Lost in Time: Clock and Calendar Understanding Challenges in Multimodal LLMs
Rohit Saxena, Aryo Pradipta Gema, Pasquale Minervini
TL;DR
The paper tackles the problem of temporal understanding from visual inputs by focusing on analogue clocks and calendars. It introduces ClockQA and CalendarQA as targeted benchmarks and evaluates seven multimodal LLMs in a zero-shot setting using metrics such as $EM$, $MAE$, and classification measures. Key findings show substantial gaps in clock-reading accuracy (e.g., $EM$ around $22.58\%$ for the best model) while calendar reasoning is stronger for some models (e.g., $Acc=0.80$ for GPT-o1) but overall remains limited. The work highlights the need for improved visual parsing, numerical reasoning, and structured temporal inference in MLLMs, guiding future benchmark design and model development.
Abstract
Understanding time from visual representations is a fundamental cognitive skill, yet it remains a challenge for multimodal large language models (MLLMs).
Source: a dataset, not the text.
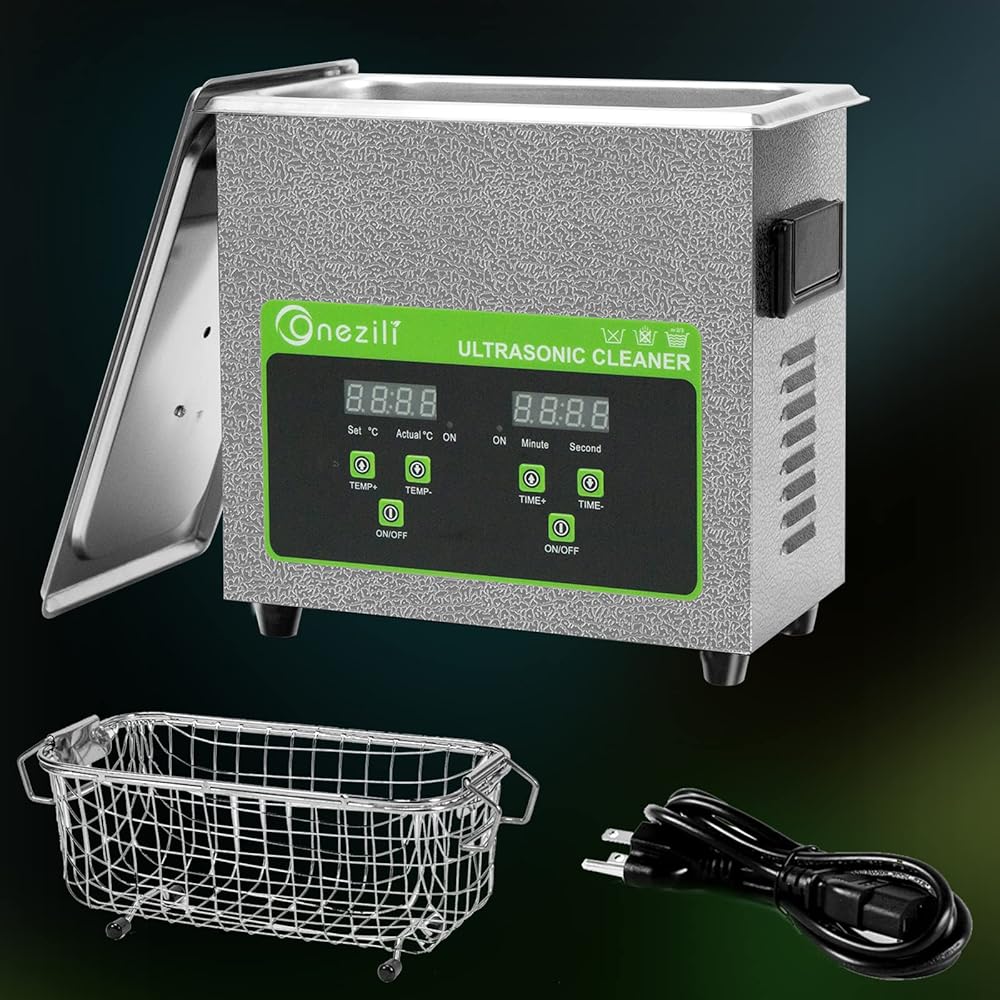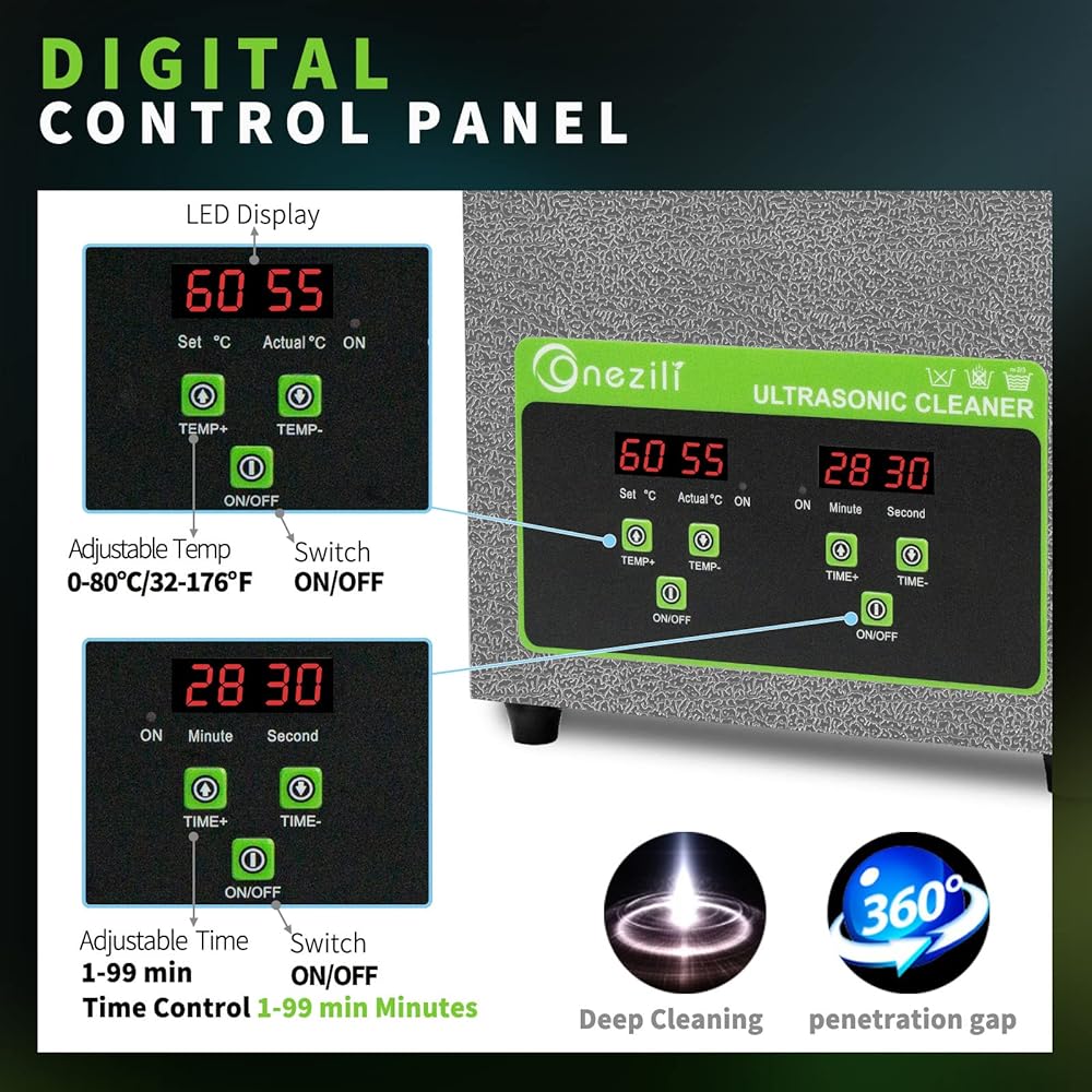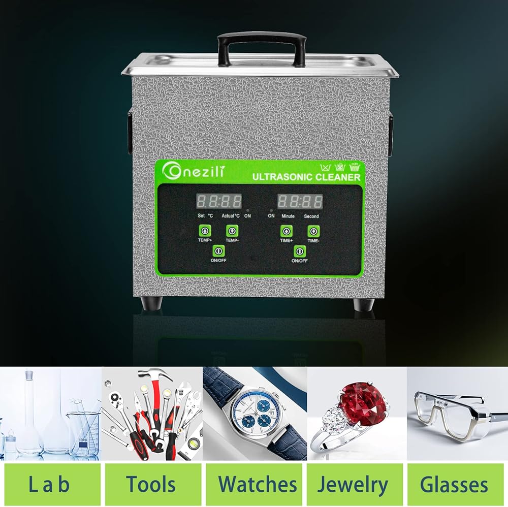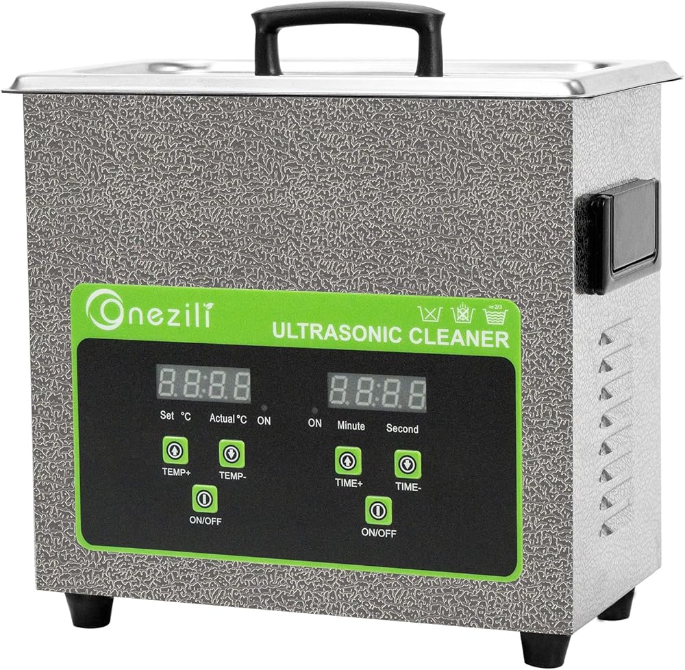 【مادة فاخرة】- آلة تنظيف المجوهرات الصوتية الاحترافية من أونيزيلي مصنوعة من الفولاذ المقاوم للصدأ SUS 304 عالي الجودة، جميع هيكل الفولاذ المقاوم للصدأ رقم 304 يجعل العمر الإنتاجي أطول بكثير. علاوة على ذلك، فإن سلك الطاقة الخاص بهذا المنظف بالموجات فوق الصوتية سميك وآمن للغاية.

In this work, we investigate the capabilities of MLLMs in interpreting time and date through analogue clocks and yearly calendars. To facilitate this, we curated a structured dataset comprising two subsets: 1) $\textit{ClockQA}$, which comprises various types of clock styles$-$standard, black-dial, no-second-hand, Roman numeral, and arrow-hand clocks$-$paired with time related questions; and 2) $\textit{CalendarQA}$, which consists of yearly calendar images with questions ranging from commonly known dates (e.g., Christmas, New Year's Day) to computationally derived ones (e.g., the 100th or 153rd day of the year). We aim to analyse how MLLMs can perform visual recognition, numerical reasoning, and temporal inference when presented with time-related visual data. Our evaluations show that despite recent advancements, reliably understanding time remains a significant challenge for MLLMs.